→ MATERIAL FOR THIS EXERCISE:
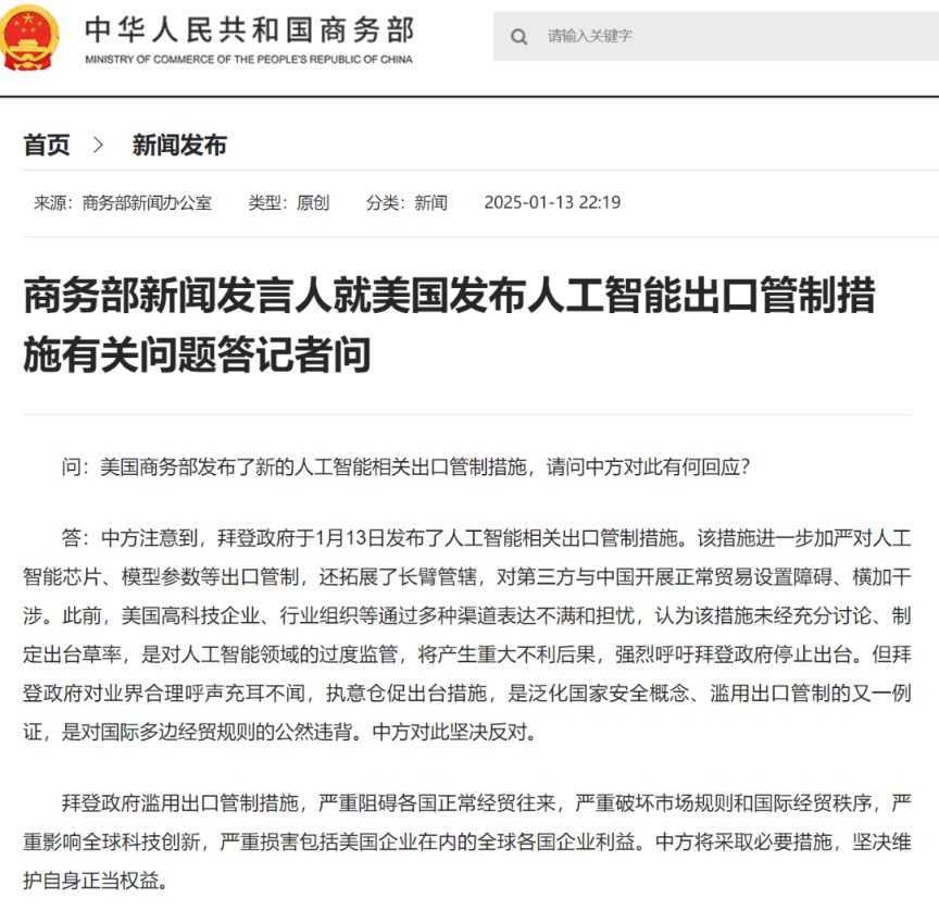 问:美国商务部近期宣布了一系列新的人工智能相关出口管制政策,请问中国对此有何官方回应?
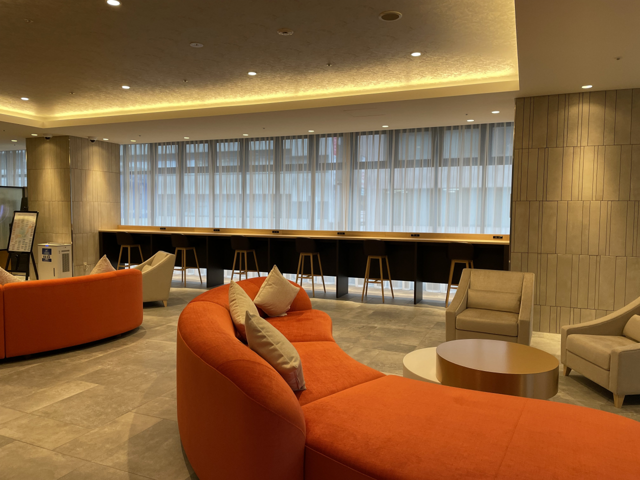 ロビーは壁一面に窓を設けた開放的な空間、アメニティバーも用意。
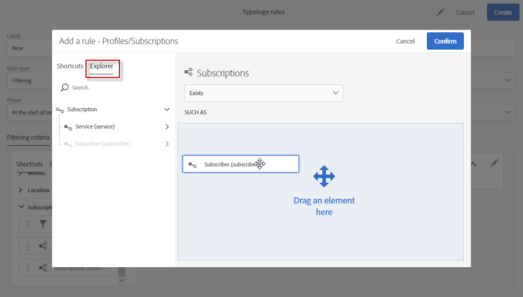 에서 Explorer 쿼리 편집기의 탭에서 을(를) 끌어서 놓습니다 Subscriber 노드가 화면 주 부분에 있습니다.
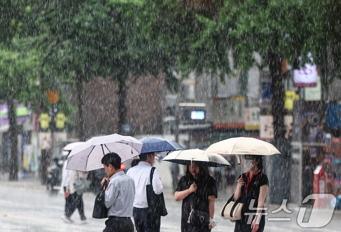 소나기가 내리는 8일 오후 서울 종로구 종각역 인근에서 시민들이 발걸음을 재촉하고 있다. 2025.7.8/뉴스1 ⓒ News1 김도우 기자
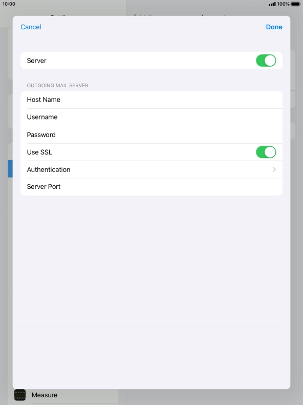 Press Password and key in the password for your email account. Please note that if you're using Vodafone's outgoing server, leave the password field empty.

→ EXERCISE DETAILS:
Although the records contain pictures, your copy should hold only the text, reproduced exactly.

→ ANSWER SECTION:
 问:美国商务部近期宣布了一系列新的人工智能相关出口管制政策,请问中国对此有何官方回应?
 ロビーは壁一面に窓を設けた開放的な空間、アメニティバーも用意。
 에서 Explorer 쿼리 편집기의 탭에서 을(를) 끌어서 놓습니다 Subscriber 노드가 화면 주 부분에 있습니다.
 소나기가 내리는 8일 오후 서울 종로구 종각역 인근에서 시민들이 발걸음을 재촉하고 있다. 2025.7.8/뉴스1 ⓒ News1 김도우 기자
 Press Password and key in the password for your email account. Please note that if you're using Vodafone's outgoing server, leave the password field empty.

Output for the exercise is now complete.